Home

Awesome

Transformer-Patcher

This repo contains the code and data of ICLR 2023 accepted paper:

Transformer-Patcher: One mistake worth one neuron. Zeyu Huang, Yikang Shen, Xiaofeng Zhang, Jie Zhou, Wenge Rong, Zhang Xiong.

Steps for running Transformer-Patcher

Directory Structure

data/ --> data folder including data of FEVER and zsRE
scripts/ --> folder containing main.py to run groups of experiments
src/ --> folder containing classes used for loading data and constructing model
requirements.txt --> contains required packages

Setup

Environment

Our codes are based on Python 3.8.10. Other versions may work as well.

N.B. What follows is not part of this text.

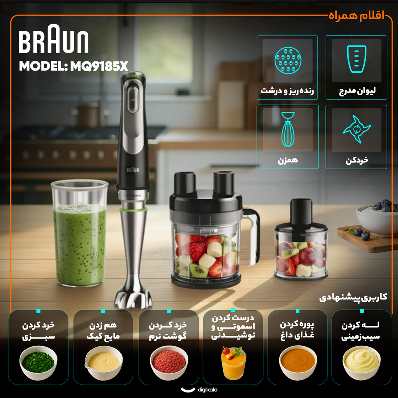 | کاربری پیشنهادی | پوره کردن غذای داغ، خرد کردن سبزی، خرد کردن گوشت نرم، خرد کردن یخ، درست کردن اسموتی و نوشیدنی، له کردن سیب زمینی، هم زدن مایع کیک |

Create a virtual environment and install the dependencies (conda can help you do this) :

$ conda create --name T-Patcher python=3.8.10
$ conda activate T-Patcher
(T-Patcher)$ pip install -r requirements.txt

Data

You can download the supplementary file on this openreview page.

The data used is already in data.zip file, please unzip this file and implement the following pre-processing steps:

(T-Patcher)$ python src/dataset/fever_dataloader.py
(T-Patcher)$ python src/dataset/zsre_dataloader.py

Afterwards the original data is randomly split and we obtain a training set, a validation set, a edit set and a test set.

Running the code

Training initial models

Before conducting Sequential Model Editing, we first need an initial model.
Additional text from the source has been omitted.